What lands in the receipt
"embedding": {
"base_model": "BAAI/bge-base-en-v1.5",
"papers": ["arXiv:1807.03748", "arXiv:2205.13147"],
"matryoshka_dims": [64, 128, 256, 512, 768],
"temperature": 0.05,
"loss_shape": "triplet",
"train_examples": 18432
},
"reranker": {
"base_model": "BAAI/bge-reranker-base",
"papers": ["arXiv:2402.03216"],
"shape": "binary",
"train_examples": 9216
}
The buyer's auditor can confirm which encoder family and which loss shape produced each model. Both blocks are covered by the artifact's CID and the canonical-JSON manifest hash; swapping either model invalidates the receipt chain.
How much capture data is enough
| Capture count | Embedder recipe | Reranker recipe |
|---|---|---|
| 0-200 | Stay with base BGE; do not fine-tune | Stay with base; do not fine-tune |
| 200-2k | Synth pairs with Magpie, then fine-tune | Use base; collect more before fine-tuning |
| 2k-20k | Fine-tune with InfoNCE + in-batch negatives | Fine-tune with BCE; sample hard negatives |
| 20k+ | Full Matryoshka recipe with hard-negative mining | Full BCE with PRM-style hard negatives |
Edge cases worth naming
Hard-negative mining matters. In-batch negatives only get you so far. The published recipe for the BGE family mines hard negatives from the index itself: for each (query, positive), retrieve top-50 candidates with the current embedder and label the bottom-ranked but still-in-top-50 as hard negatives. The kolm trainer does this per epoch.
The reranker should see the embedder's misses. Reranker training data is most useful when it covers the cases the embedder gets wrong. The capture-loop bridge pre-filters to those: for each ranked retrieval, the bridge logs the queries where the user clicked a result that was not in the top-3 (the embedder ranked it lower). Those pairs go into reranker fine-tuning.
Matryoshka does not always pay. If the buyer has only one latency budget and never plans to truncate, Matryoshka is a small accuracy hit (~1-2% NDCG at full dim) for no real gain. The trainer config defaults Matryoshka on because the buyer rarely knows their latency profile a priori; turning it off via spec is a one-line override.
Where this fits in the kolm compile loop
Embedder and reranker fine-tunes are sibling stages to the LoRA fine-tune. The buyer's spec can name any combination: LoRA-only (the default), LoRA + embedder, LoRA + embedder + reranker, embedder-only, reranker-only. Each named stage runs against its own captures (or the same captures with different label shapes), each lands in the receipt, each gets its own K-score evaluation against a vertical pack (MTEB-style for the embedder, BEIR-style for the reranker).

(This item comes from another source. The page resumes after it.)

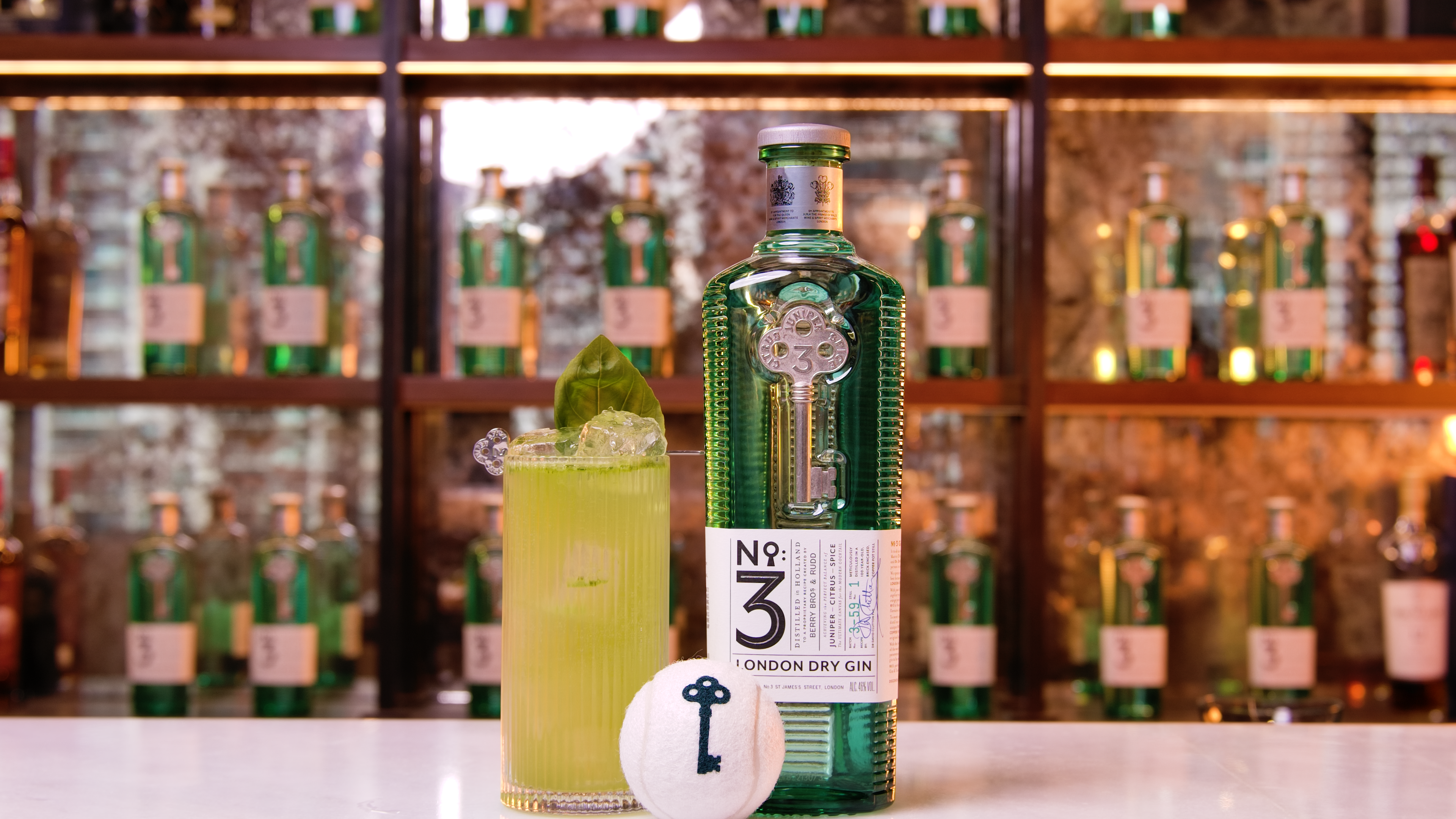 Located in the Palm Court, the Dobel Tequila Bar is also a returning favorite. Dobel brings 11 generations of tequila-making legacy to the Miami Open Campus serving the “Ace Paloma,” its signature drink. The cocktail is a great option for guests who prefer a fruity drink made with Maestro Dobel Tequila Diamante Cristalino and grapefruit soda. The “Courtside Cooler” from No. 3 Gin Courtside Club No.3 London Dry Gin photo

The combined artifact ships all three. The runtime loads them together; the inference path is embedder → ANN index → reranker → LLM with retrieved context. The 0.85 K-score gate covers the overall accuracy of this pipeline on the buyer's eval pack, not the individual components.
Citations
Oord, A. v.d. et al. Representation Learning with Contrastive Predictive Coding. arXiv:1807.03748, 2018 (InfoNCE).
Kusupati, A. et al. Matryoshka Representation Learning. arXiv:2205.13147, 2022.
Chen, J. et al. BGE M3-Embedding: Multi-Lingual, Multi-Functionality, Multi-Granularity Text Embeddings Through Self-Knowledge Distillation. arXiv:2402.03216, 2024.